INSTRUCTIONS FOR THE TASK
Lines, not repeats, are what count: give the number of lines below that hold "back", and nothing more.

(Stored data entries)
- - - -

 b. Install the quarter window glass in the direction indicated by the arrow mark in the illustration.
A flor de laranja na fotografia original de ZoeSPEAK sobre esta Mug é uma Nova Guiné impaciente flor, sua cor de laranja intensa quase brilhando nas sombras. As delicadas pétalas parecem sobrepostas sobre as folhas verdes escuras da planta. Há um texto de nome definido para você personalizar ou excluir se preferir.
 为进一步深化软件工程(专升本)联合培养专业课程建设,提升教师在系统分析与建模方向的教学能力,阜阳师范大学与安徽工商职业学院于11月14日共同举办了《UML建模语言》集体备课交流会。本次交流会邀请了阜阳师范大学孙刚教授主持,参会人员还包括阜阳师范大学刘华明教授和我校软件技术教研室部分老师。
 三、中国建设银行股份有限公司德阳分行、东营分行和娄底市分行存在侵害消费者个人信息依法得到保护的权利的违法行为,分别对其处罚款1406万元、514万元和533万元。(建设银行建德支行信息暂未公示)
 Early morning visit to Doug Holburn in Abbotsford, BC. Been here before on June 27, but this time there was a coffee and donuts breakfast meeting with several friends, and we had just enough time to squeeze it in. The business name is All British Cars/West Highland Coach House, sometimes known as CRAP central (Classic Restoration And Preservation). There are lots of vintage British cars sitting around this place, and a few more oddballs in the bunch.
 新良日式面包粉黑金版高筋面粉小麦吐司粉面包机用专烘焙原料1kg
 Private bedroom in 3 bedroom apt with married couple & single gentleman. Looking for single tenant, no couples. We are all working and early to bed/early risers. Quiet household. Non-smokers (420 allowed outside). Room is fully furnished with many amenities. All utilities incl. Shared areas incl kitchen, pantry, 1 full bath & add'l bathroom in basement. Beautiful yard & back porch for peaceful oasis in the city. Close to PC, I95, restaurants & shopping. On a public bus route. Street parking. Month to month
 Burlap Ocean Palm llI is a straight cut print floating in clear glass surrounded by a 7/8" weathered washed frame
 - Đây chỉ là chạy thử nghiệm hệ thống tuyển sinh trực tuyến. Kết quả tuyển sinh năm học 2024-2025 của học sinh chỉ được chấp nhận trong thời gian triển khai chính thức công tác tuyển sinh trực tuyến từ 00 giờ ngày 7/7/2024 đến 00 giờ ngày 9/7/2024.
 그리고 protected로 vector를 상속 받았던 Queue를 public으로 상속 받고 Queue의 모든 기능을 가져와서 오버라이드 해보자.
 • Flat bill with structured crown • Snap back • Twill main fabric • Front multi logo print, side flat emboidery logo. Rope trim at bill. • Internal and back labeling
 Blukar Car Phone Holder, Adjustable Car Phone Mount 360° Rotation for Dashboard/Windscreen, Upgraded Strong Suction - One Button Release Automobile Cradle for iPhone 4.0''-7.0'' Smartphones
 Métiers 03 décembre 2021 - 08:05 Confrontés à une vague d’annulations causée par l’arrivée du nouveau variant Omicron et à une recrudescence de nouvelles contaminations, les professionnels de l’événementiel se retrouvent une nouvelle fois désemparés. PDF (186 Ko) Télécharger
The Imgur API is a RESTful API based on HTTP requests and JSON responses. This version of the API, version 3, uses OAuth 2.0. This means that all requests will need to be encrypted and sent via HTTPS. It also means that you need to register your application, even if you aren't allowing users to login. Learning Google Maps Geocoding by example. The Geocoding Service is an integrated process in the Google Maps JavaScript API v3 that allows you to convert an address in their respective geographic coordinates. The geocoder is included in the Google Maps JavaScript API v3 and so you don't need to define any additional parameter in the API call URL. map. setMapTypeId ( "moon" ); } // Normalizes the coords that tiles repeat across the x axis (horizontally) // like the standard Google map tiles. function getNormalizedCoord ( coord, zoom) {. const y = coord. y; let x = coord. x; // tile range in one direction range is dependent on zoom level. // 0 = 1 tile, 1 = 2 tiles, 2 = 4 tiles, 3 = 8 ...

- - - -

EXPECTED ANSWER
2